9 страница28 февраля 2025, 14:02

9

Перспектива Мираль

Я была слишком зла на Маркуса, но по мере того, как мы ехали, злость угасала. Запах Стамбула, этого родного города, растворял меня в себе. Солёный привкус Босфора, влажный воздух — это был запах дома, моего прошлого, которого мне так не хватало.

— Мираль Ханым, — охранник остановился рядом, сдержанно наклонив голову. — Мы готовы выезжать. Прошу вас одеться более скрытно. Господин Маркус обеспокоен, что Илмаз Шахин мог организовать за вами слежку. Это может быть опасно.

Я кивнула, чувствуя, как тревога и волнение смешиваются внутри меня. Это не просто поездка на кладбище — это возвращение в то, что я долго избегала, из чего меня вырвали насильно. Я не была здесь годами. Здесь жили воспоминания, которые были как целительный бальзам и как нож, ранящий мою душу.

В спальне я надела длинное чёрное платье-худи, доходящее до колен, и широкие чёрные очки, которые частично скрывали лицо. Мои волосы были распущены и слегка спадали на лицо, добавляя ещё больше скрытности. Одежда и очки не могли полностью скрыть меня — моя схожесть с матерью, была слишком явной. У меня её черты, её осанка, её глаза. Все, кто знали её, могут узнать  меня мгновенно, как будто перед ними её призрак.

Но я не хочу, чтобы меня узнавали. Это нестерпимо — носить в себе боль утраты и искать в чужих взглядах, глаза матери, отца или брата.

Перед отправлением я попросила охрану сделать небольшую остановку у старого цветочного магазина, который находился неподалёку от дома, где я выросла. Это был магазин, который я помнила с детства: деревянный фасад, старинная вывеска с потёртыми буквами, а внутри — уютный аромат свежих цветов. Здесь мой отец покупал букеты для мамы. Он всегда говорил, что бабушка, владелица магазина, собирает цветы с такой любовью, что это делает их особенными.

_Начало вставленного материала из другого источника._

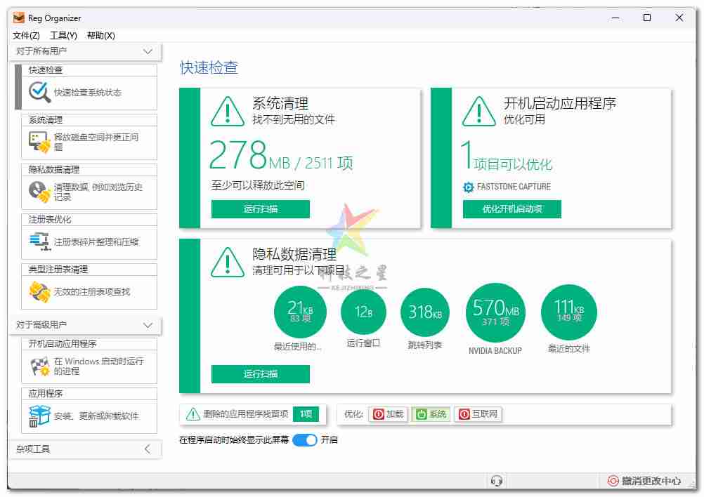 注册表优化 《Reg Organizer》8.44中文绿色版

Войдя внутрь, я почувствовала запах гиацинтов, роз и чего-то ещё знакомого, но давно забытого. Бабушка стояла у прилавка, её седые волосы были аккуратно убраны в пучок. Она подняла глаза, и на её лице отразилось замешательство.

— Вам что-то подсказать? — спросила она вежливо, но внимательно всматриваясь в меня.

Я отвела взгляд, подойдя ближе.

— Букет из ста белых роз, пожалуйста, — сказала я, стараясь говорить спокойно, чтобы голос не дрогнул.

Бабушка начала подготавливать букет, но вдруг её руки замерли. Она снова посмотрела на меня, а потом её лицо изменилось. Удивление и шок отразились на её лице.

— Асу? — её голос был дрожащим, неуверенным, как будто она боялась поверить своим глазам. — Неет...это же ты....Мираль?

Комок боли застрял в горле а я начинаю злиться. Я не знала, что ответить, но отрицать было бессмысленно. Снимая очки я смотрю заплаканными глазами на бабушку.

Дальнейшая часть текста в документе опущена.